Problem →
Write back every line of the listing exactly, excluding images.

Information supplied →
------------------------------------

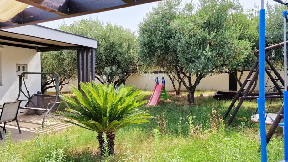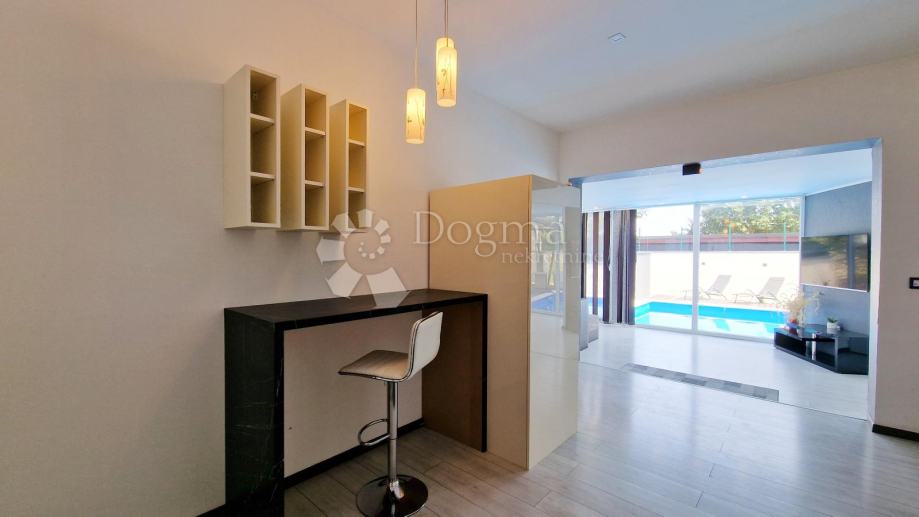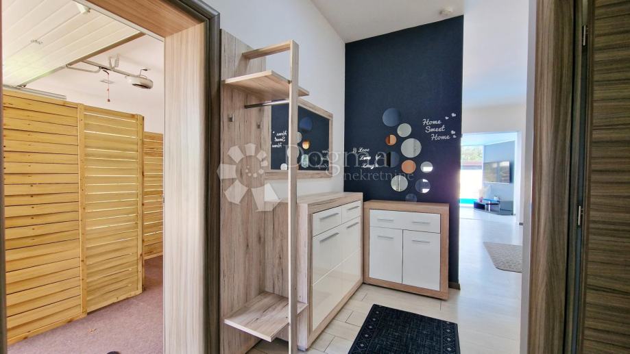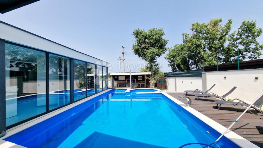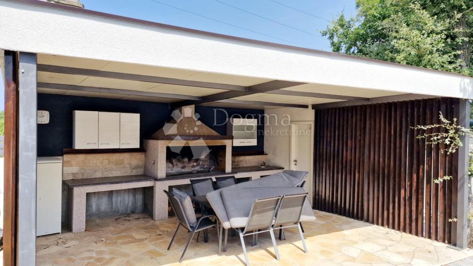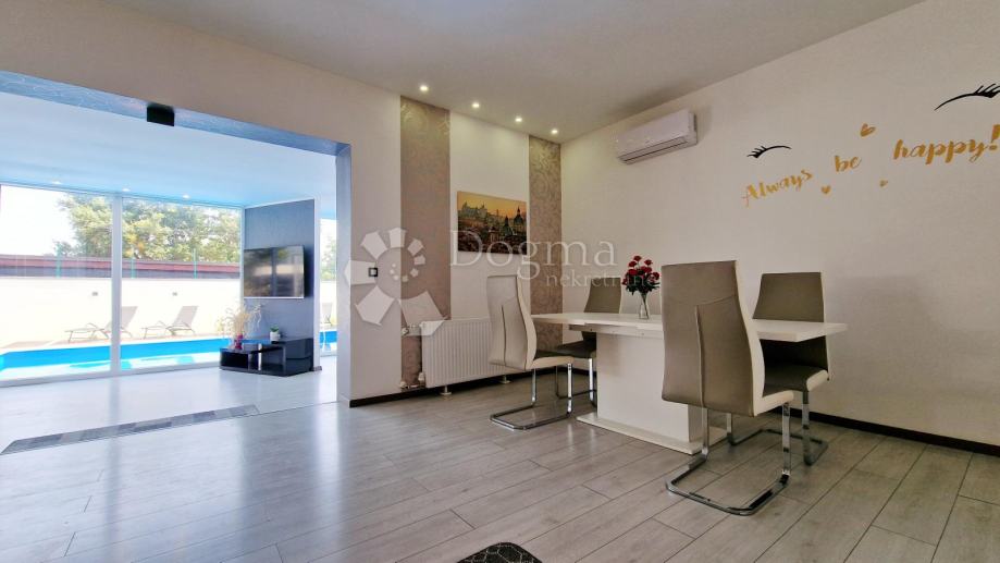 Samostojeća prizemnica površine 194 m2, 3 spavaće sobe, 2 kupaone, velika garaža, radna soba, ljetna kuhinja s kaminom za roštilj i vodom, mogućnost vanjskog wc, bazen 49 m2, whirlpool, sunčalište, natkriveni parking, 900 m2 lijepe okućnice, mirna lokacija, uredan pristup sa ceste, dobra povezanost… ova kuća ima sve!
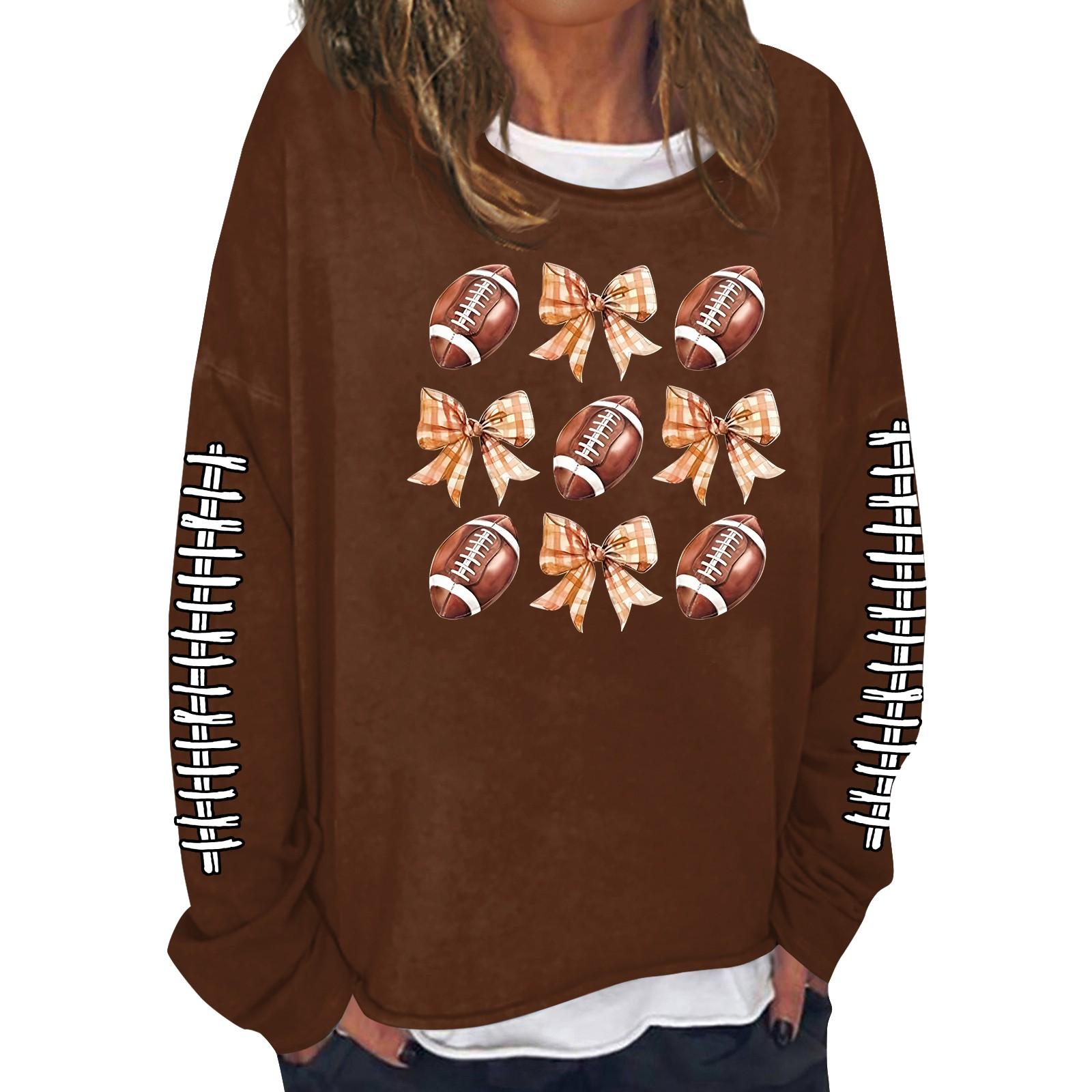 Женская модная повседневная толстовка с длинным рукавом и круглым вырезом с принтом XL кофейный
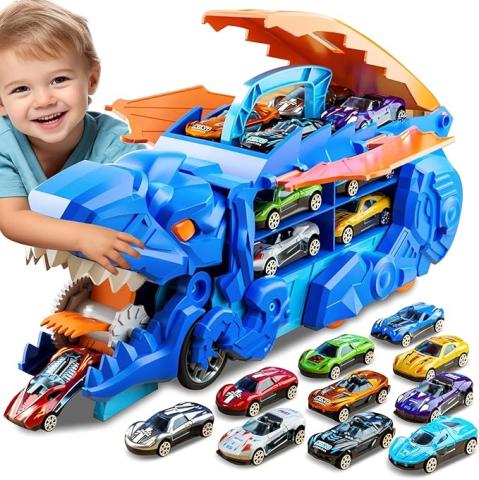 Esteopt Camion de transport - Jouet pour garçons de 3 à 4 5 6 7 ans - Portable - Dinosaure - Circuit de course - Avec 12 jouets dinosaures - Boîte cadeau : Amazon.com.be: Jouets
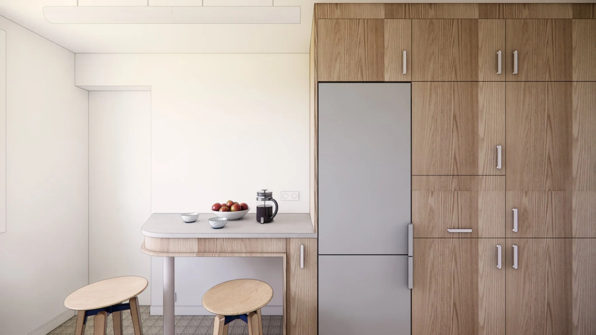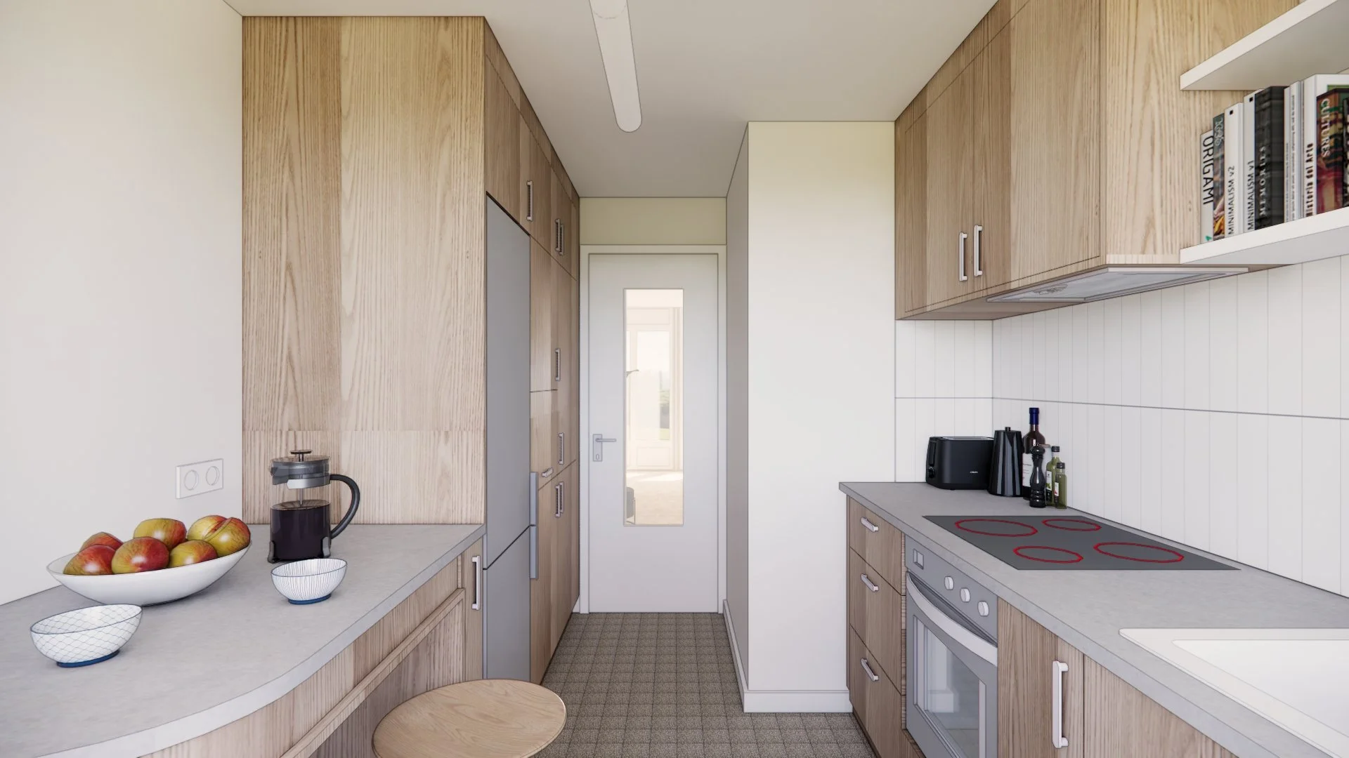 Réaménagement d’une cuisine, d’une surface d’environ 9,40 m2. Dessin du mobilier sur-mesure répondant aux besoins du client et aux diverses contraintes de la pièce (réseaux existants, faible largeur, sol à conserver...). Accompagnement auprès du client dans le choix des finitions (mobilier sur-mesure, luminaire, assises...).

------------------------------------

Expected output →
 Samostojeća prizemnica površine 194 m2, 3 spavaće sobe, 2 kupaone, velika garaža, radna soba, ljetna kuhinja s kaminom za roštilj i vodom, mogućnost vanjskog wc, bazen 49 m2, whirlpool, sunčalište, natkriveni parking, 900 m2 lijepe okućnice, mirna lokacija, uredan pristup sa ceste, dobra povezanost… ova kuća ima sve!
 Женская модная повседневная толстовка с длинным рукавом и круглым вырезом с принтом XL кофейный
 Esteopt Camion de transport - Jouet pour garçons de 3 à 4 5 6 7 ans - Portable - Dinosaure - Circuit de course - Avec 12 jouets dinosaures - Boîte cadeau : Amazon.com.be: Jouets
 Réaménagement d’une cuisine, d’une surface d’environ 9,40 m2. Dessin du mobilier sur-mesure répondant aux besoins du client et aux diverses contraintes de la pièce (réseaux existants, faible largeur, sol à conserver...). Accompagnement auprès du client dans le choix des finitions (mobilier sur-mesure, luminaire, assises...).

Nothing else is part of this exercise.